The real definition of sabbatical is an extended period of time away from a person's usual work for the purposes of rest, training, travel, or for other reasons. The break is intended for the person to return to his usual position being renewed physically, mentally and spiritually.

It is not unusual to want to get away from your job to get a fresh start. A vacation won’t help very much because you will need an extended break from your surrounding, including some people.

Different from a Vacation

A sabbatical is different from a vacation even though travel may be involved. Vacations are taken mostly for pleasure. They are much shorter. A sabbatical is an extended period of time that could last from a couple of months to a year or longer.

Sometimes sabbaticals have an estimated end date, but they don't have to be. Often the date is not determined in advance as a vacation is.

Sabbatical
Vacation
Break from job or church
Break from job or church
Extended period of time away from job
Much shorter break from job
2 months to a year
Usually 2 weeks
For research, training, to write a book, to achieve something
For pleasure and fun
Solo effort
Family members and friends are involved
Meant to achieve something
Not meant for any special achievment
Could be paid or unpaid
Jobs usually pay for vacations

Sabbatical Myths

These are some myths associated with sabbaticals.

  • Only people who have worked for a company a long time should be granted a sabbatical.
  • Sabbaticals should be taken only when the reason is directly related to your job.
  • Sabbaticals are always job-related.
  • All sabbaticals are unpaid.

Sabbaticals don't have to involve only job-related activities or research. Sabbaticals can be taken for personal reasons that benefit you personally. Sabbaticals are not limited to education, training, or writing a book. It can be about resetting your life that has nothing to do with your job.

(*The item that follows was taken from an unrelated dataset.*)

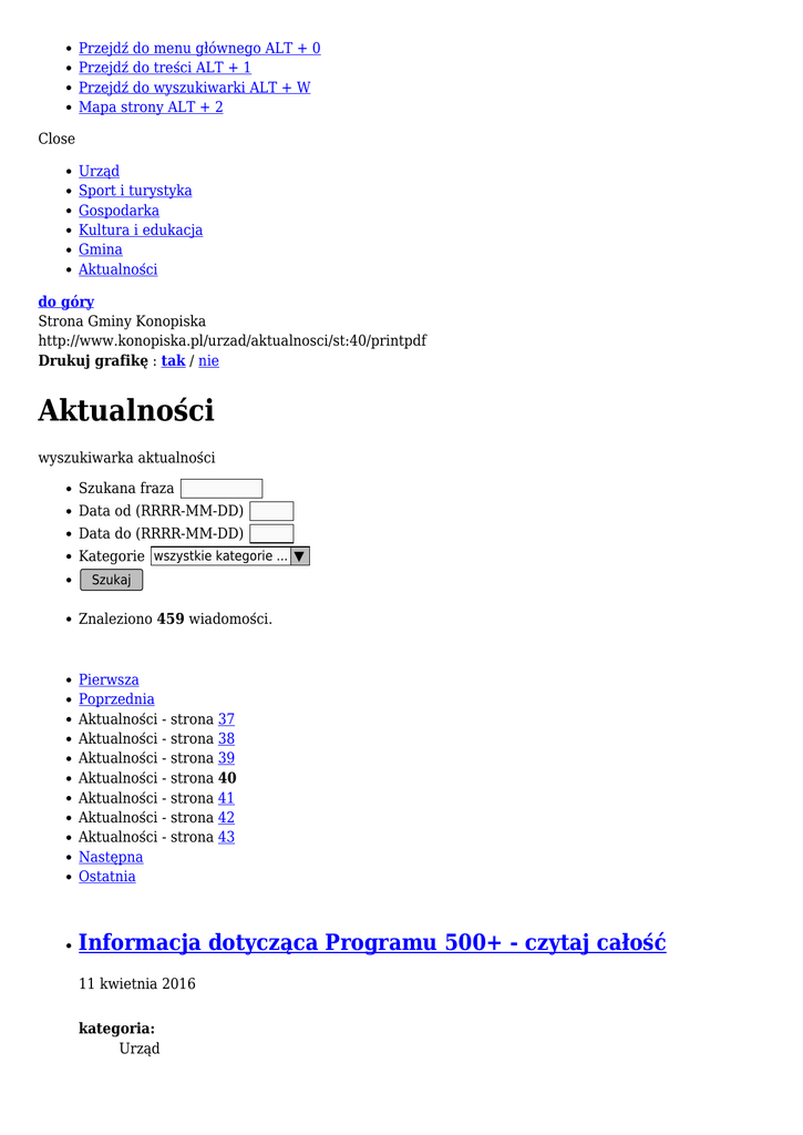 Przejdź do menu głównego ALT + 0 Przejdź do treści ALT + 1 Przejdź do wyszukiwarki ALT + W Mapa strony ALT + 2 Close Urząd Sport i turystyka Gospodarka Kultura i edukacja Gmina Aktualności do góry Strona Gminy Konopiska http://www.konopiska.pl/urzad/aktualnosci/st:40/printpdf Drukuj grafikę : tak / nie Aktualności wyszukiwarka aktualności Szukana fraza Data od (RRRR-MM-DD) Data do (RRRR-MM-DD) Kategorie wszystkie kategorie ... ▼ Szukaj Znaleziono 459 wiadomości. Pierwsza Poprzednia Aktualności - strona 37 Aktualności - strona 38 Aktualności - strona 39 Aktualności - strona 40 Aktualności - strona 41 Aktualności - strona 42 Aktualności - strona 43 Następna Ostatnia Informacja dotycząca Programu 500+ - czytaj całość 11 kwietnia 2016 kategoria: Urząd Gminny Ośrodek Pomocy Społecznej w Konopiskach informuje, że okresie od 11 kwietnia 2016 do 15 kwietnia 2016 wnioski o ustalenie prawa do świadczenia wychowawczego przyjmowane będą w Gminnym Ośrodku Pomocy Społecznej w Konopiskach ul. Lipowa 1 w godzinach 7.00-17.00. Informacja dotycząca Programu 500+ Informacja dotycząca Programu 500+ - czytaj całość „MŁODZIEŻ ZAPOBIEGA POŻAROM” - czytaj całość 06 kwietnia 2016 kategoria: Sport i Turystyka Dzisiaj zostały rozstrzygnięte Eliminacje Gminne Ogólnopolskiego Turnieju Wiedzy Pożarniczej „Młodzież zapobiega pożarom” zorganizowane przez Wójta Gminy Konopiska Jerzego Żurka, Prezesa Zarządu Oddziału Gminnego Związku Ochotniczych Straży Pożarnych druha Grzegorza Dynera i Komendanta Gminnego druha Janusza Jończyka „MŁODZIEŻ ZAPOBIEGA POŻAROM” „MŁODZIEŻ ZAPOBIEGA POŻAROM” - czytaj całość Koło Gospodyń Wiejskich w Kopalni wyróżnione w ogólnopolskim konkursie „Kobiety na Start” - czytaj całość 06 kwietnia 2016 kategoria: Kultura i Edukacja Konkurs jest wynikiem akcji „KGW na start”, którą pod koniec 2014 roku zapoczątkował "Tygodnik Poradnik Rolniczy". Dzięki niej poznajemy prężne grupy kobiet, które nie zawsze są zrzeszone i nie działają pod szyldem stowarzyszenia. Są po prostu grupą która wspólnie działa na rzecz integracji społecznej, promocji i kultywuje lokalne tradycje. Właśnie takie grupy organizator poszukuje i chce poprzez konkurs nagradzać. Koło Gospodyń Wiejskich w Kopalni wyróżnione w Koło Gospodyń Wiejskich w Kopalni wyróżnione w ogólnopolskim konkursie „Kobiety na Start” czytaj całość Program 500+ - czytaj całość 01 kwietnia 2016 kategoria: Pomoc społeczna Gminny Ośrodek Pomocy Społecznej w Konopiskach informuje, że od dnia 1 kwietnia 2016r. w Dziale Świadczeń Rodzinnych i Funduszu Alimentacyjnego przyjmowane będą wnioski o ustalenia prawa do świadczenia wychowawczego. Od dnia 22 marca 2016r. w siedzibie GOPS wydawane będą druki wniosku o ustalenie prawa do w/w. świadczenia. Program 500+ Program 500+ - czytaj całość Bezpłatne konsultacje dotyczące ulg przysługujących osobom niepełnosprawnym i ich rodzinom. - czytaj całość 25 marca 2016 kategoria: Urząd Od dnia 17 marca do 28 kwietnia we wtorki i czwartki w godzinach od 9.00 do 15.00 doradcy podatkowi ze Śląskiego Oddziału Krajowej Izby Doradców Podatkowych prowadzą bezpłatne konsultacje dotyczące ulg przysługujących osobom niepełnosprawnym i ich rodzinom. Bezpłatne konsultacje dotyczące ulg przysługuj Bezpłatne konsultacje dotyczące ulg przysługujących osobom niepełnosprawnym i ich rodzinom. czytaj całość Informacja - czytaj całość 23 marca 2016 kategoria: Urząd Informacja firmy STRABAG realizującej inwestycję budowy autostrady na terenie Gminy Konopiska Informacja Informacja - czytaj całość Informacja - czytaj całość 22 marca 2016 kategoria: Urząd W zawiązku z trwającymi pracami projektowymi przebudowy drogi wojewódzkiej nr 908 na odcinku Częstochowa - Tarnowskie Góry, przebiegającej m. in. przez miejscowości Wygoda, Wąsosz, Łaziec, Rększowice, Hutki informuję, że w ramach projektu zostaną uwzględnione i wykonane tylko zjazdy do posesji dotychczas istniejące. Informacja Informacja - czytaj całość Zawiadomienie - czytaj całość 22 marca 2016 kategoria: Urząd Na podstawie art. 20 ust. 1 ustawy o samorządzie gminnym z dnia 8 marca 1990 r. (Dz. U. z 2015 poz. 1515) zawiadamiam, że dnia: 29 marca 2016 r. (wtorek) o godz. 9.00 w sali konferencyjnej Urzędu Gminy w Konopiskach odbędzie się XX sesja Rady Gminy Konopiska Zawiadomienie Zawiadomienie - czytaj całość Zawiadomienie - czytaj całość 18 marca 2016 kategoria: Urząd Komisariat Policji w Blachowni zaprasza do udziału w debacie społecznej organizowanej w ramach konsultacji społecznych dotyczących założeń "Krajowej mapy zagrożeń w Polsce". Debata odbędzie się 26.03.2016 r. w remizie OSP Jamki o godzinie 11.00 Zawiadomienie Zawiadomienie - czytaj całość Informacja - czytaj całość 18 marca 2016 kategoria: Urząd Na działce przeznaczonej pod park w miejscowości Aleksandria Druga wzdłuż ul. Strażackiej przystąpiono do wycinki drzew stwarzających zagrożenie i utrudnienie dla użytkowników drogi i najbliższych zabudowań. Informacja Informacja - czytaj całość Pierwsza Poprzednia Aktualności - strona 37 Aktualności - strona 38 Aktualności - strona 39 Aktualności - strona 40 Aktualności - strona 41 Aktualności - strona 42 Aktualności - strona 43 Następna Ostatnia

Some people are known to have taken a six-month sailing sabbatical that had nothing to do with their careers; however, it helped put them in the right frame of mind to be more productive when they returned to work.

Most people do not take sabbaticals from their jobs because they don't know they can. Employees should find out if their company offer sabbatical programs.

Employees might think all sabbatical are unpaid. Employees can negotiate paid sabbatical leave from some companies.

Benefits of Sabbaticals

Sabbaticals are not only beneficial personally for an employee, but they are also good for the company. Getting away will help employees who are no longer producing on their job. When employees begin to lack creativity, getting away will help in that area.

A company benefits by allowing an employee to take a sabbatical rather than quitting. If an employee quits, it will cost the company to recruit someone else to hire and train.

Sabbaticals are good for employees and for the company.

The Harvard Business Review recently published an article indicating that organizations benefit when their employees take much-needed sabbaticals. Sabbaticals provide rest for employees to recharge and renew so they can be much better when they return.

Sabbaticals Are On the Rise

Sabbaticals are on the rise in the workplace these days and they are highly recommended. According to the Society for Human Resource Management, 17 percent of employers offered paid or unpaid sabbaticals in 2017. They ranged from a few weeks to several months. In fact, some employees went on more than one sabbatical.

The most significant benefit of sabbaticals is to get a renewed perspective. Usually, when an employee returns from a sabbatical, he is a better worker than before, according to a study published in the Journal of Applied Psychology. The study also proved that a decline in stress was noticed after returning from a sabbatical.